Of the lines in the material below, print only those from the one containing "1月26日下午,安徽师范大学" to the one containing "Вкусный кофе с", ends included, exactly as written and without pictures.

**Provided data:**
────────────────

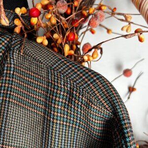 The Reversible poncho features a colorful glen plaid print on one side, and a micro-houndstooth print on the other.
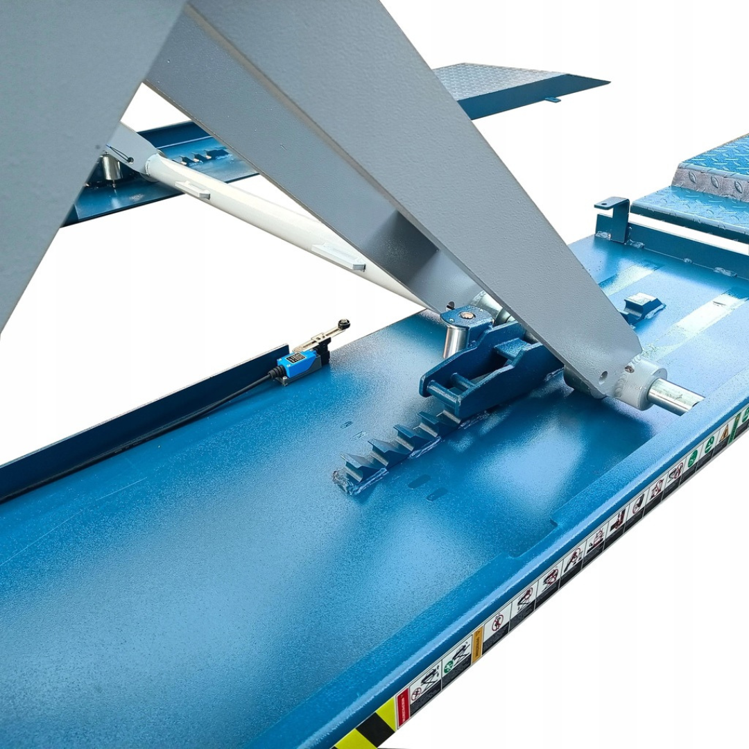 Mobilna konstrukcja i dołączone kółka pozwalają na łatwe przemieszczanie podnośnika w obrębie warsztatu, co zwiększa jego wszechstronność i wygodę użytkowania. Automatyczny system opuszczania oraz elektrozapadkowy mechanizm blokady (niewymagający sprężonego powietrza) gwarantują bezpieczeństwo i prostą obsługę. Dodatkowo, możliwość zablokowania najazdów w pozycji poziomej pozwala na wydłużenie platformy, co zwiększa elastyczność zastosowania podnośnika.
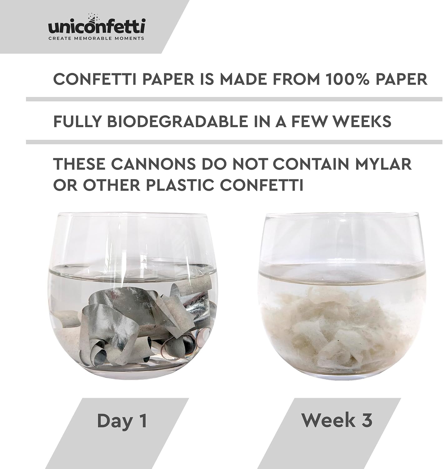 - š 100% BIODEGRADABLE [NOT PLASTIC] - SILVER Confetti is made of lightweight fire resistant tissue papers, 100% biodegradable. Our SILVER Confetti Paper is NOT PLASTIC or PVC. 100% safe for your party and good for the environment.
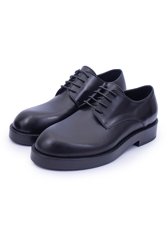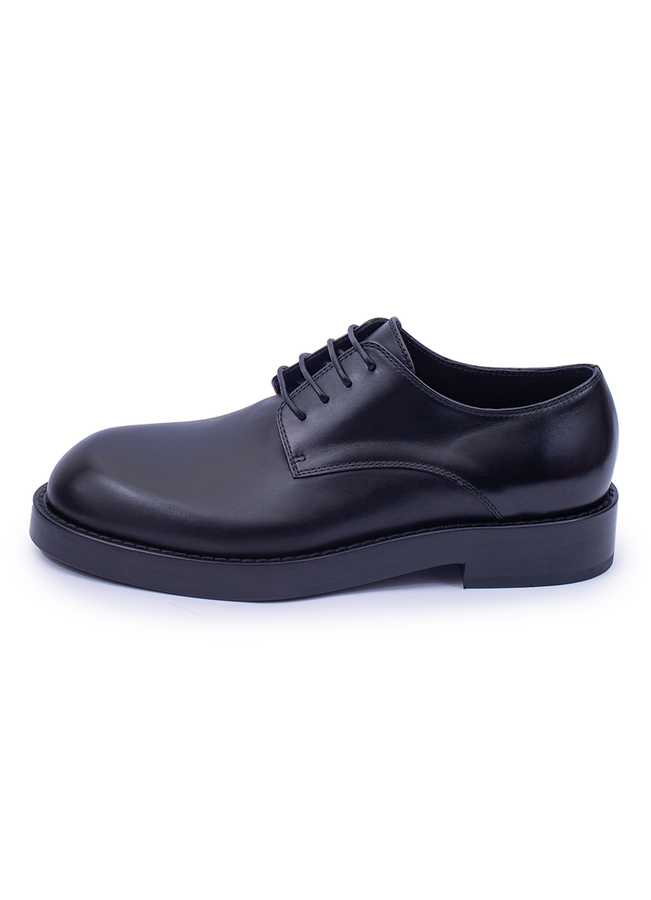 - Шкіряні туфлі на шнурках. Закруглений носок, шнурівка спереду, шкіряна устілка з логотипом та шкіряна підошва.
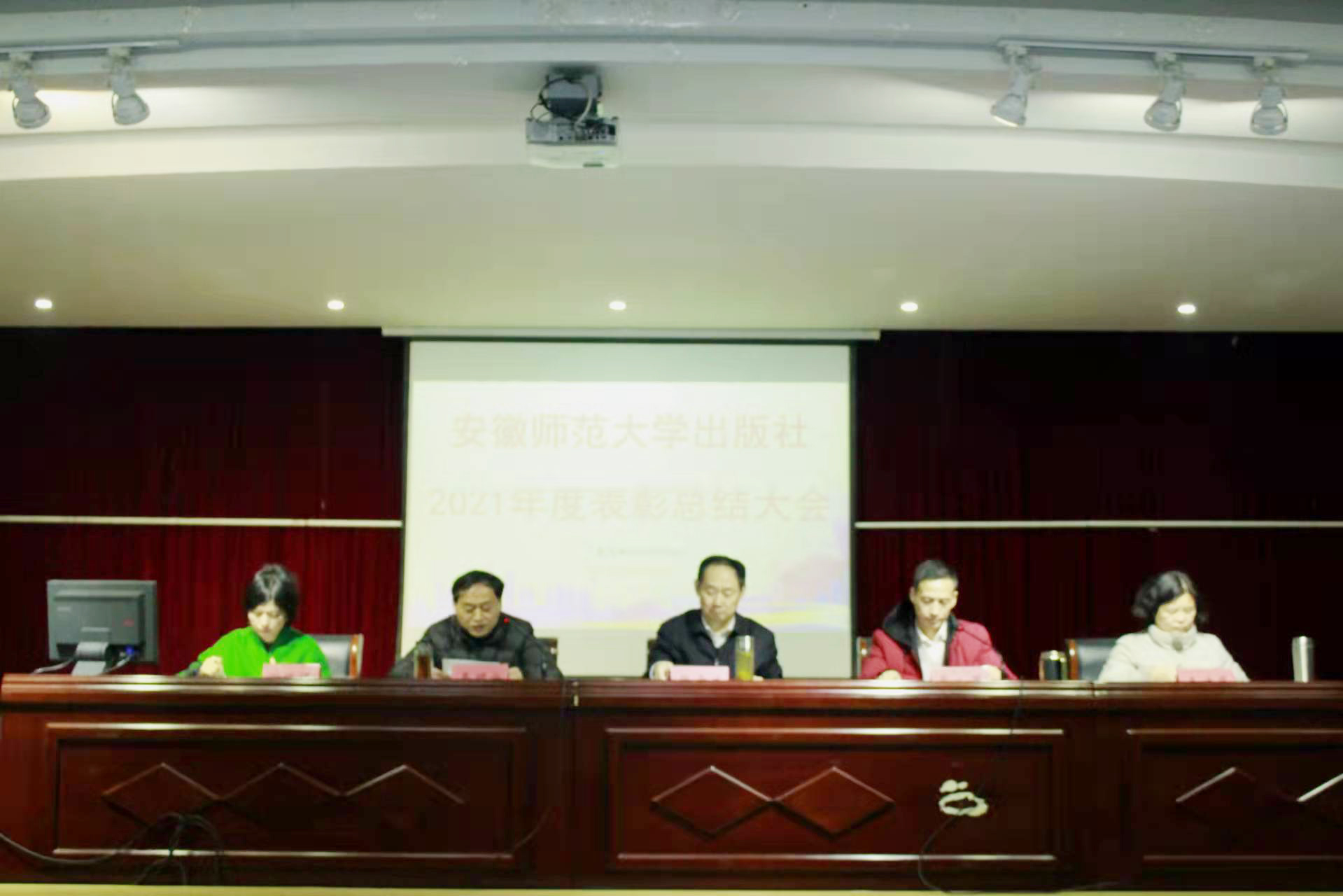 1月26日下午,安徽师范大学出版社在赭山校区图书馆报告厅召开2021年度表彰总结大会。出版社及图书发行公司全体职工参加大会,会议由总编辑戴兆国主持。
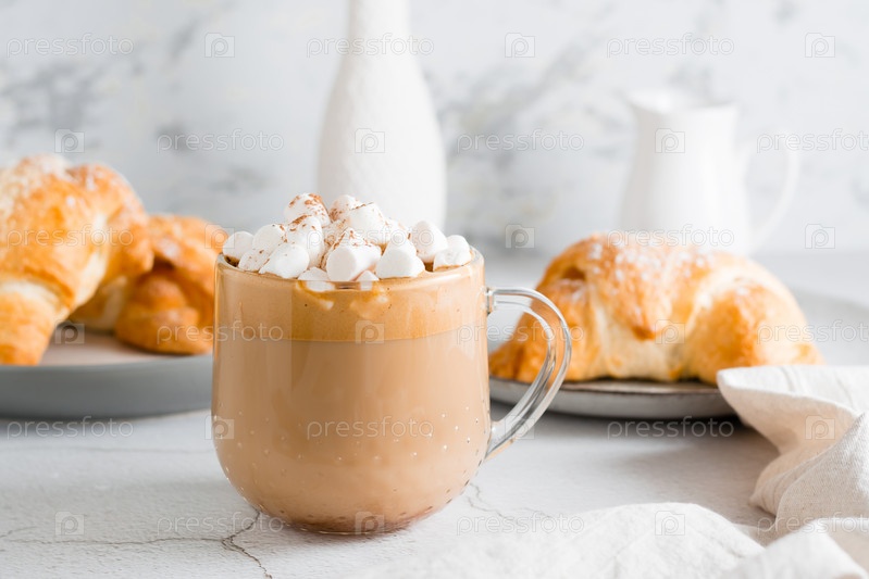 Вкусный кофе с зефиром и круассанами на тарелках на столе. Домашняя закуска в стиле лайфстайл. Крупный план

────────────────

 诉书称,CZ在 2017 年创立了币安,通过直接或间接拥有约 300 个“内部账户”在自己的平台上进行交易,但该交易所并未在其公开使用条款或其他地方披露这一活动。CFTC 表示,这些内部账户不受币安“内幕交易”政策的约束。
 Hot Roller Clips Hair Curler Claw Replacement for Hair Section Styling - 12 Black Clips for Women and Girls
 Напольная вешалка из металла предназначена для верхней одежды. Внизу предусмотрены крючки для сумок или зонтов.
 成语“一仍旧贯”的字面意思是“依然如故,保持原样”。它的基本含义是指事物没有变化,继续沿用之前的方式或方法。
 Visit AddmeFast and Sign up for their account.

────────────────

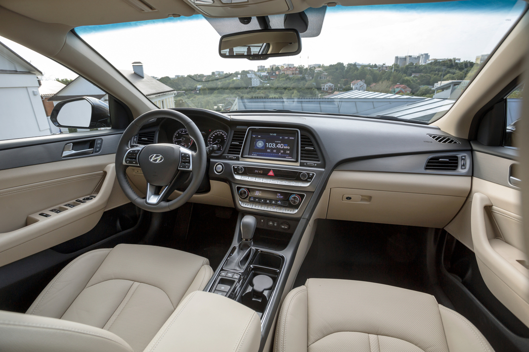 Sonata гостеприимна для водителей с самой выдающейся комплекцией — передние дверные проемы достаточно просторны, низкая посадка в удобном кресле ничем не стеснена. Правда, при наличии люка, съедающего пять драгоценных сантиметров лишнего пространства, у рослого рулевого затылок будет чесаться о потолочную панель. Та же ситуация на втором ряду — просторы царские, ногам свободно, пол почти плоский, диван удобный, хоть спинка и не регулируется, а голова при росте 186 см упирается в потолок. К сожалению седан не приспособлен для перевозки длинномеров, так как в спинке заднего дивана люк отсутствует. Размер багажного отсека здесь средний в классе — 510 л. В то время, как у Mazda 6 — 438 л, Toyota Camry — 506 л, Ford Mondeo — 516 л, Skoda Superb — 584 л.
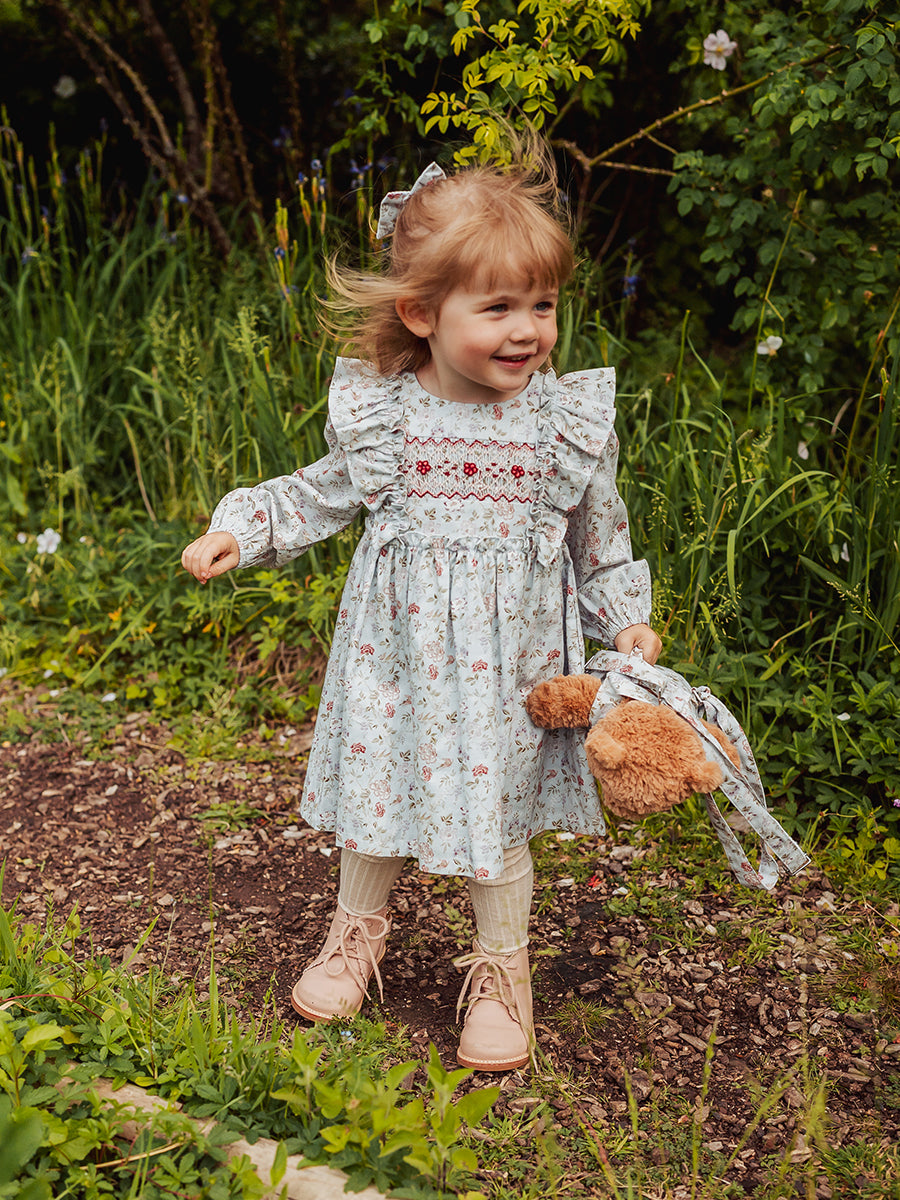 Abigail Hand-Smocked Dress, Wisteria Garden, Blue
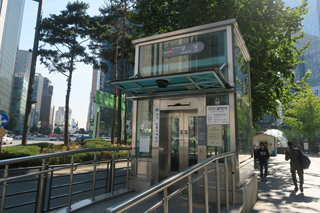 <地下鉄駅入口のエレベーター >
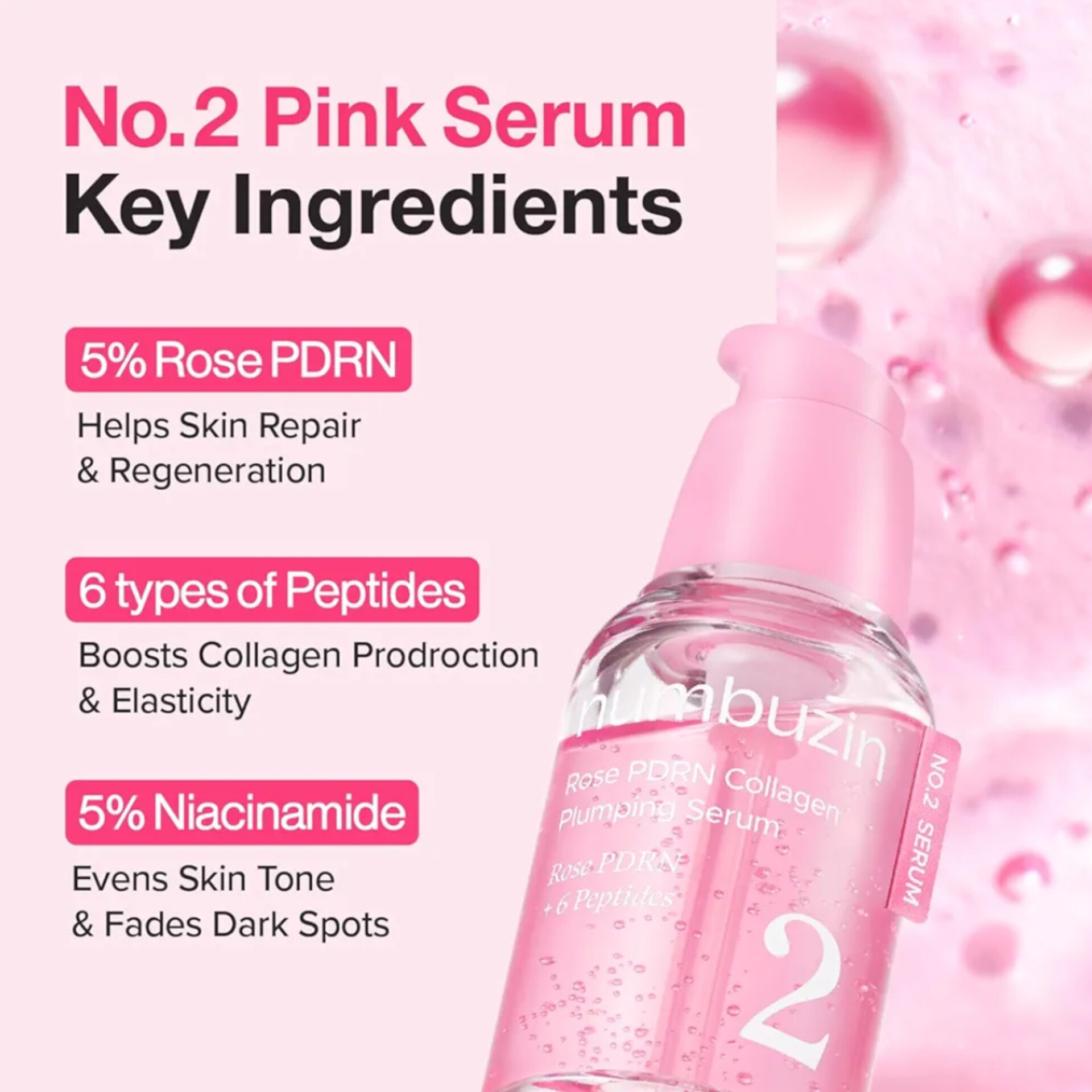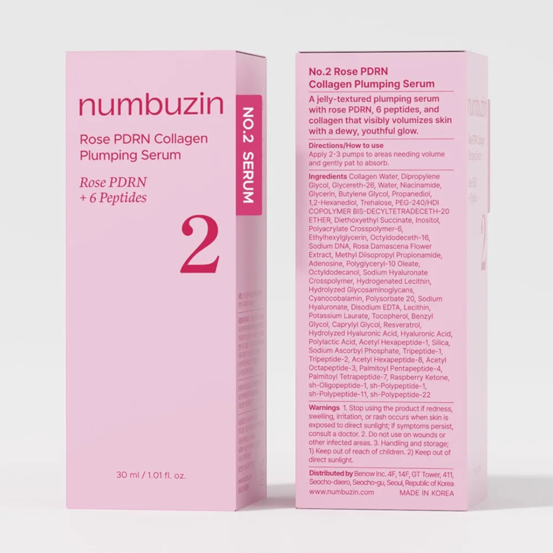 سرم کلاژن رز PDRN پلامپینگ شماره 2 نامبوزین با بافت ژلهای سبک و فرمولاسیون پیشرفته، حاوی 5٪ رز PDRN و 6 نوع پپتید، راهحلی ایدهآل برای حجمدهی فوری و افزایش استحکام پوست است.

────────────────

**Task output:**
 1月26日下午,安徽师范大学出版社在赭山校区图书馆报告厅召开2021年度表彰总结大会。出版社及图书发行公司全体职工参加大会,会议由总编辑戴兆国主持。
 Вкусный кофе с зефиром и круассанами на тарелках на столе. Домашняя закуска в стиле лайфстайл. Крупный план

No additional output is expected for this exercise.